Exercise => Repeat exactly the lines of the material below that run from the "Method selection for" line to the "Den 2.880 meter" line, including both, and do not carry over any pictures.

Listed records =>
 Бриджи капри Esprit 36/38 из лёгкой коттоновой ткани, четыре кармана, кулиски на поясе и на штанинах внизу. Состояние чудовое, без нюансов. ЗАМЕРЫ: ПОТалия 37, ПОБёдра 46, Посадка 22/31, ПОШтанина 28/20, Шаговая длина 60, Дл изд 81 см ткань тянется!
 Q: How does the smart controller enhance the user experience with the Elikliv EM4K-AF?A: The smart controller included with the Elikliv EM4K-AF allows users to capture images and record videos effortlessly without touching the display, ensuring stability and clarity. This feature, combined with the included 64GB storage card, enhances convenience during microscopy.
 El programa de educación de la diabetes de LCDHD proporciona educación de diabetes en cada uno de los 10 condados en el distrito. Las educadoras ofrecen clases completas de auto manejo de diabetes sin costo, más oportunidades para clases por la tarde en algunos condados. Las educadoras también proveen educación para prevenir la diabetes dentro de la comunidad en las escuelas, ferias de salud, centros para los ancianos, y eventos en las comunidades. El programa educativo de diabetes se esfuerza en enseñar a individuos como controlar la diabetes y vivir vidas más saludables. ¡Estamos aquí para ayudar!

---

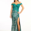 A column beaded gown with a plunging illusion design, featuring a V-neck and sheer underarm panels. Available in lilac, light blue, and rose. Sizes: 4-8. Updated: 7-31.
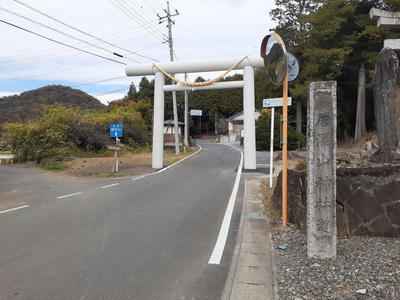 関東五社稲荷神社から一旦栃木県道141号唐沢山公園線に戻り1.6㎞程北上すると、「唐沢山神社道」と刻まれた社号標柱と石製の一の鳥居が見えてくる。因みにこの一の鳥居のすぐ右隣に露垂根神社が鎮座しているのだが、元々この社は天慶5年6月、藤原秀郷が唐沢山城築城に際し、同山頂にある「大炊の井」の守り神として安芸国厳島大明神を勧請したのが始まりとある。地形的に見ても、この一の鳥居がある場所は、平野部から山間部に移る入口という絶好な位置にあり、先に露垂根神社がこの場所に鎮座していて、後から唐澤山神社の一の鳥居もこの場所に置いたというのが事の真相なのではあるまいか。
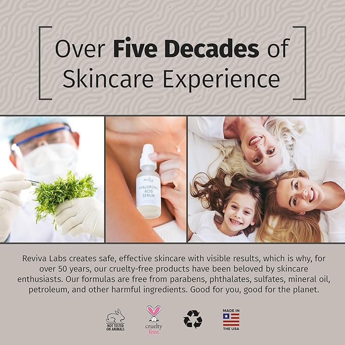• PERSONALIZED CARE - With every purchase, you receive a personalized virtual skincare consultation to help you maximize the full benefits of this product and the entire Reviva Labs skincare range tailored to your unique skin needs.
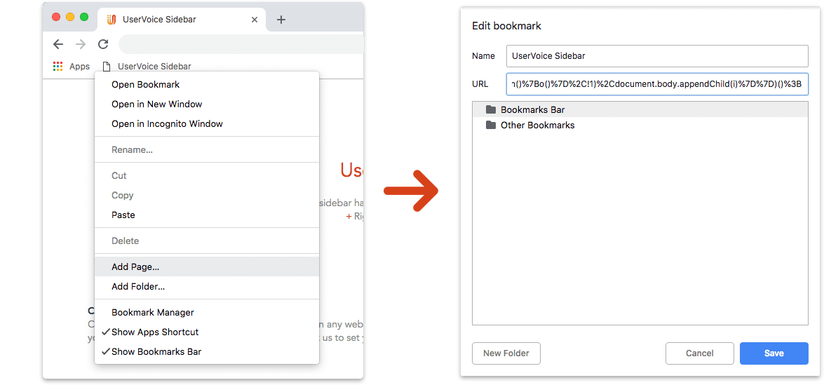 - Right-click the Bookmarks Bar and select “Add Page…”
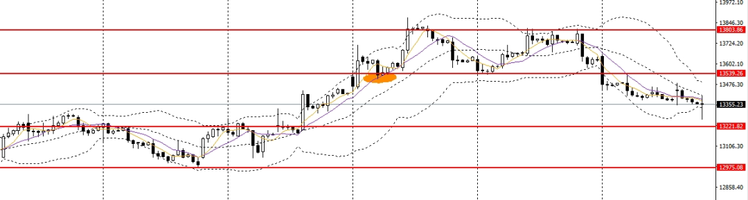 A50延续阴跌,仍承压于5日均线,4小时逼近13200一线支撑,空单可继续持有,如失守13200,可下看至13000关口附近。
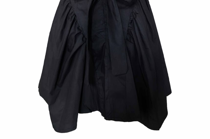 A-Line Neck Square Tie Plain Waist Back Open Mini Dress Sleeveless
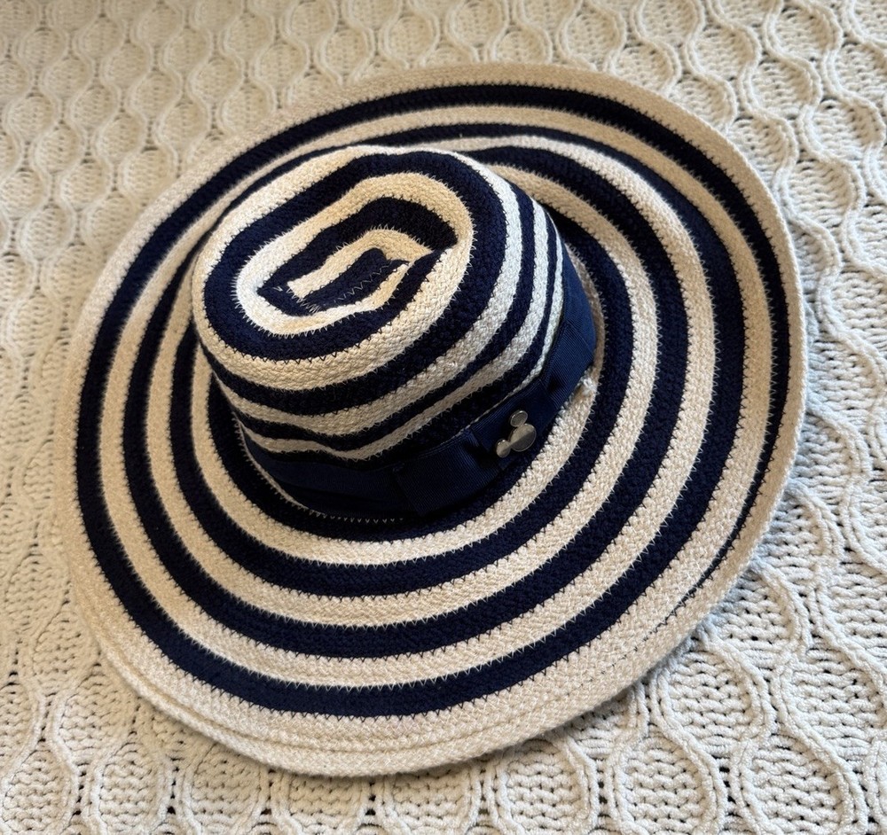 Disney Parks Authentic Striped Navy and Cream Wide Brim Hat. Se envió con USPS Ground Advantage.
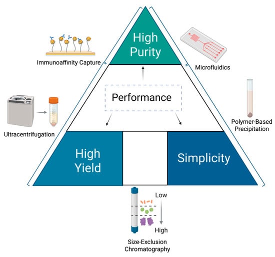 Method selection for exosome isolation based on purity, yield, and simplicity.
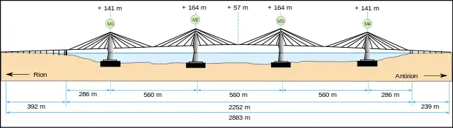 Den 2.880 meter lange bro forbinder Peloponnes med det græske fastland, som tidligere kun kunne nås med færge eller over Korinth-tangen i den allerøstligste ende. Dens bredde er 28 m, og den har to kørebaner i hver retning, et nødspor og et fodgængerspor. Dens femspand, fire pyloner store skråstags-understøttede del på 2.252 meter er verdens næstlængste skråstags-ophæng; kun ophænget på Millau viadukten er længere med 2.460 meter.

Exercise response =>
 Method selection for exosome isolation based on purity, yield, and simplicity.
 Den 2.880 meter lange bro forbinder Peloponnes med det græske fastland, som tidligere kun kunne nås med færge eller over Korinth-tangen i den allerøstligste ende. Dens bredde er 28 m, og den har to kørebaner i hver retning, et nødspor og et fodgængerspor. Dens femspand, fire pyloner store skråstags-understøttede del på 2.252 meter er verdens næstlængste skråstags-ophæng; kun ophænget på Millau viadukten er længere med 2.460 meter.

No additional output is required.